Problem to solve: In this exercise, retype exactly and only the lines from the top of the entries below through the line that holds "Jenni assists in", omitting pictures.

(Data extracted from a collection)
[Start of section]
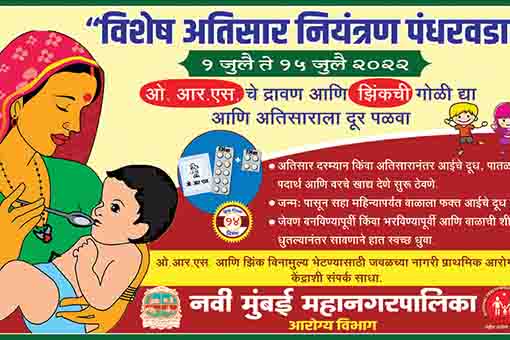 नवी मुंबई: केंद्र व राज्य शासनाच्या मार्गदर्शक सूचनेनुसार नवी मुंबई महानगरपालिका कार्यक्षेत्रात 1 जुलै ते 15 जुलै 2022 या कालावधीत “अतिसार नियंत्रण पंधरवडा मोहीम” राबविण्यात येत आहे. या मोहिमेमध्ये 0 ते 5 वर्ष वयोगटातील लाभार्थींना ओआरएस पाकीटांचे व झिंकचे वितरण करण्यात येत असून योग्य नियोजन करुन त्याचे प्राथमिक नागरी आरोग्य केंद्रनिहाय वितरण करण्यात येणार आहे.
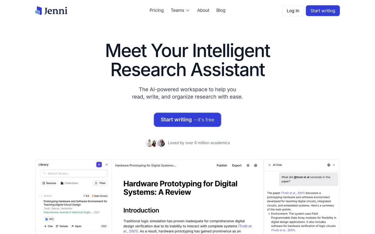 Jenni assists in writing, citing, and editing research with AI-powered tools.
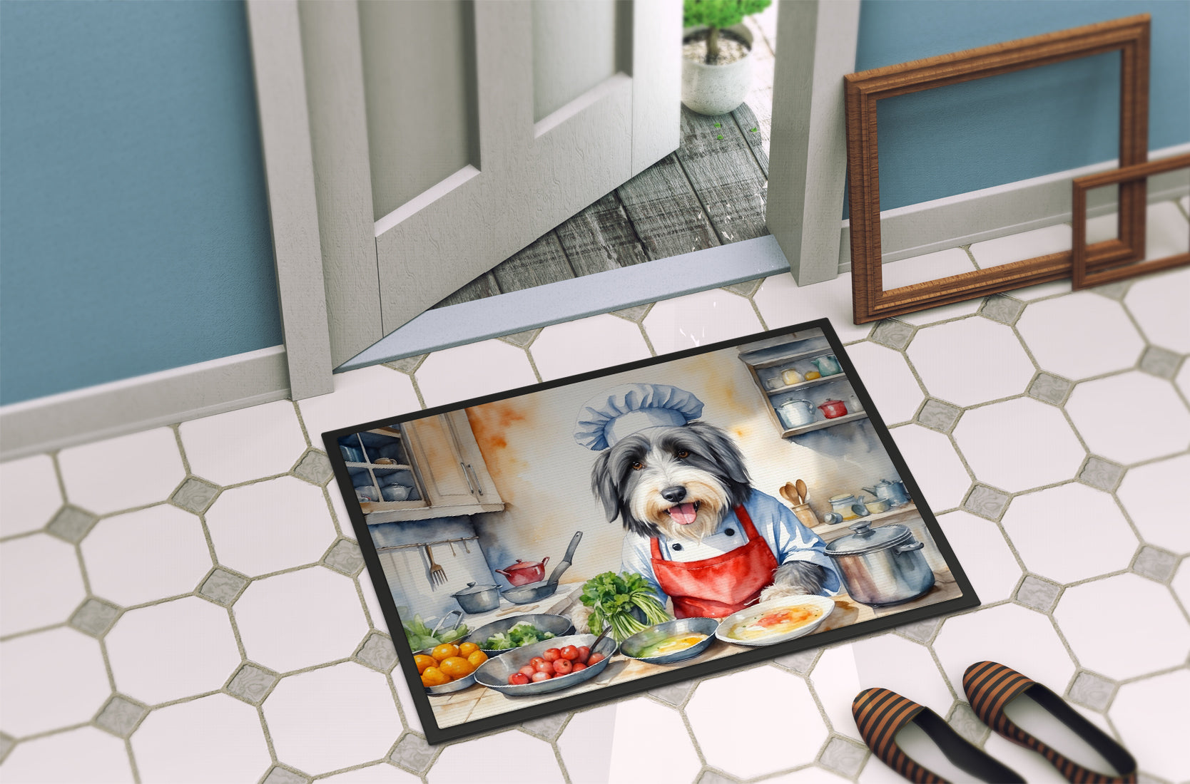 Doormat featuring breed specific Bearded Collie artwork. Welcome your guests in style with our Artwork Door Mat, designed to withstand almost any weather condition. This mat, measuring approximately 18 by 27 inches, is held together by durable black binding tape. Its top layer, composed of polyester felt, is dyed with the eye-catching image you see on the mat. A few layers below provide the mat with stability, while its rubber bottom is stamped to help prevent slipping and ensures safety. Our mat works wonderfully as both an indoor or outdoor door mat. For cleaning, simply hose it off with water or use a power washer - no need for any cleaner that produces suds. Avoid scrubbing with a brush, instead, opt for the vacuum on floor setting. Designed manufactured and printed in the USA, this mat is a perfect addition to your porch, outdoor kitchen, entryway, or any indoor space. Its unique design makes it a charming decorative rug that greets your guests and adds a stylish touch to your home decor.
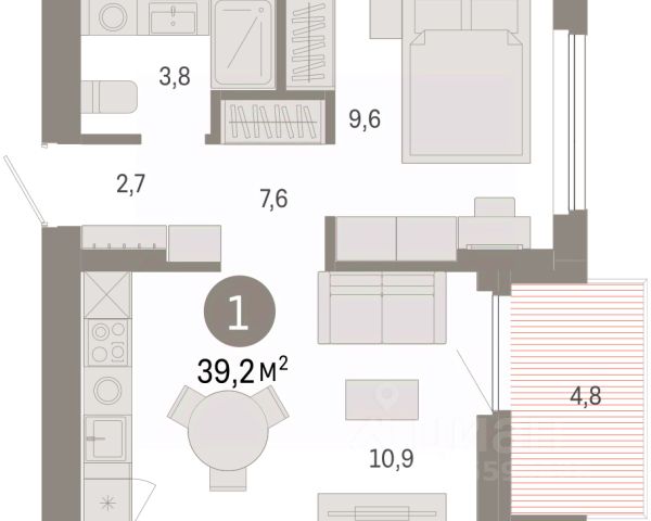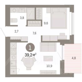 Просторная 1-комн. квартира с предчистовой отделкой в ЖК "Пшеница" на 7 этаже. Общая площадь: 39.24 кв.м., жилая: 9.6 кв.м., площадь просторной кухни-гостиной: 10.9 кв.м. Все окна выходят на одну сторону. В квартире одна лоджия, один совмещенный санузел. Наличие в квартире террасы дает возможность для обустройства дополнительной площади. Высота потолков 2.82 м.
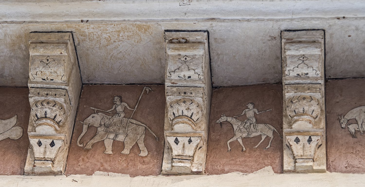 Le grand escalier d'accès à la cour supérieure Diwan-i-Aam (salle des audiences publiques) Plafond du Diwan-i-Aam Piliers du Diwan-i-Aam  La base des piliers est finement sculptée
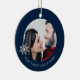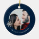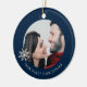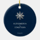 Celebrate a special milestone with this Personalized First Christmas ornament. Cherish your first holiday together as a couple with this exquisite ornament featuring a customizable photo framed by a delicate snowflake on a rich navy blue background. The front elegantly displays 'Our First Christmas' in the lower thirds, capturing the magic of the moment. Turn it around to find the snowflake-adorned back, ready to be personalized with your names and the memorable year. This unique ornament is a perfect addition to your tree and a wonderful keepsake to mark your journey together.
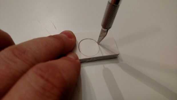 Tip: Para los círculos más pequeños, he utilizado un cuchillo X-acto y suavemente mueve el cuchillo hacia arriba y hacia abajo como una sierra pequeña para cortar los círculos, y luego recortar con el exceso de material con las tijeras.
[End of section]
Exercise result:
 नवी मुंबई: केंद्र व राज्य शासनाच्या मार्गदर्शक सूचनेनुसार नवी मुंबई महानगरपालिका कार्यक्षेत्रात 1 जुलै ते 15 जुलै 2022 या कालावधीत “अतिसार नियंत्रण पंधरवडा मोहीम” राबविण्यात येत आहे. या मोहिमेमध्ये 0 ते 5 वर्ष वयोगटातील लाभार्थींना ओआरएस पाकीटांचे व झिंकचे वितरण करण्यात येत असून योग्य नियोजन करुन त्याचे प्राथमिक नागरी आरोग्य केंद्रनिहाय वितरण करण्यात येणार आहे.
 Jenni assists in writing, citing, and editing research with AI-powered tools.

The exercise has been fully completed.